Art students may lose workspace to new faculty offices

Daniel Owen

Students say space is vital to program

Printmaking students might have to scramble for new places to work on their art pieces next semester.

A proposed scenario would cause the loss of the School of Art’s printmaking workspace in Van Deusen Hall. The space would then be used for College of Technology faculty offices.

Terri Christensen, assistant to the provost for special projects, said no final decisions have been made.

“We don’t want the (art students) to be empty-handed,” she said. “We are trying to find alternate solutions.”

Christensen added that the dilemma is four College of Technology faculty members would be without offices next semester.

Christine Havice, director of the School of Art, said art students value the space in Van Deusen.

“The rooms in Van Deusen work very well for our printmaking students,” she said.

Amanda Meeker, senior fine arts major, said the loss of the lab space would hinder her work.

“I lose my space to store supplies and work while other students are in class,” she said. “The storage is essential as printmakers need a lot of equipment.”

Meeker said losing her work space in Van Deusen could interrupt the completion of her final project toward her fine arts degree.

“The space is especially helpful as I will be starting my senior project in the fall, which is an independent body of several pieces of work developed (over) the culmination of four years of art school,” she said.

Cameron Lyden, junior fine arts major, said the space is vital to success in the program.

“The decision to give away our studio space to the (College of Technology) is more than just an inconvenience or a hassle.

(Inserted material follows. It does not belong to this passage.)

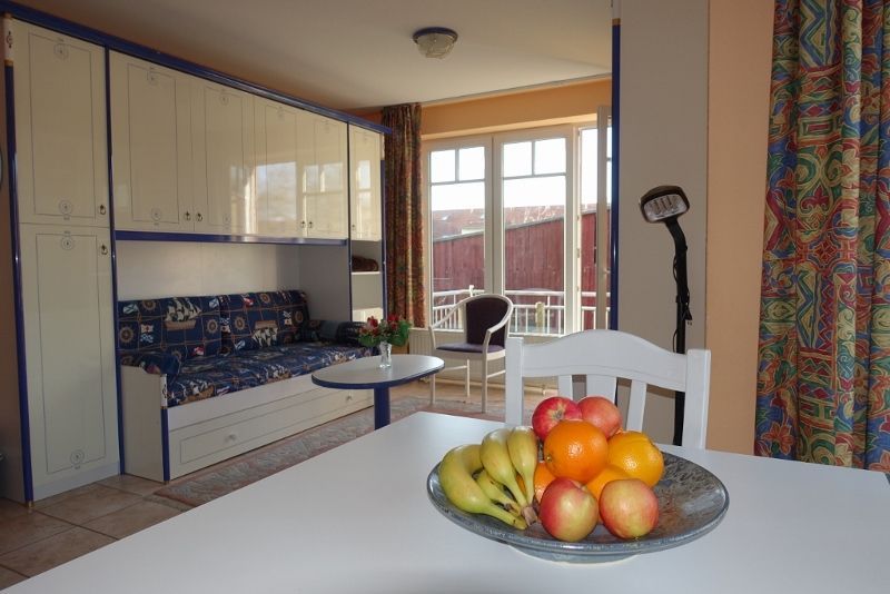 Die Wohnung liegt im ersten Stock, ist maritim eingerichtet und hat einen großen Parkplatz, auf den Sie blicken können.Die Wohnung verfügt über einen separaten Schlafraum mit Doppelbett, die Küchenzeile mit allen notwendigen Kleingeräten ist im Wohnraum integriert.

It’s all we have, ” Lyden said. “What a lot of people might not understand about the art program is that we rely on the ability to have studio spaces as upperclassmen; we need it. Our success in the program is directly dependent on it.”

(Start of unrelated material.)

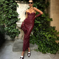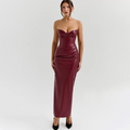 Sexy Wine Red Slim-fit PU Dress

The School of Art has classroom and lab space loosely spread across campus.

“(The School of Art) is very tight on space,” Havice said. “We are already spread out over six buildings, and we don’t have a lot of other options.”

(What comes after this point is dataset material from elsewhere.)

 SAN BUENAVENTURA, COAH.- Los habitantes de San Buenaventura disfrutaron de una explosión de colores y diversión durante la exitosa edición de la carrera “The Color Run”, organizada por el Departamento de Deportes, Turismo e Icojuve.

Meeker said printmaking students appreciate the value of having their own spaces in Van Deusen.

“The (art students) are the ones there all hours of the night and on weekends; they are the ones who make Van Deusen Hall their home,” she said. “Art students are in class all day just like other students, the difference is that art students get dinner and come back to the studio for work at night and on the weekends.”

Christensen said if the decision becomes final, the switch will occur during the summer.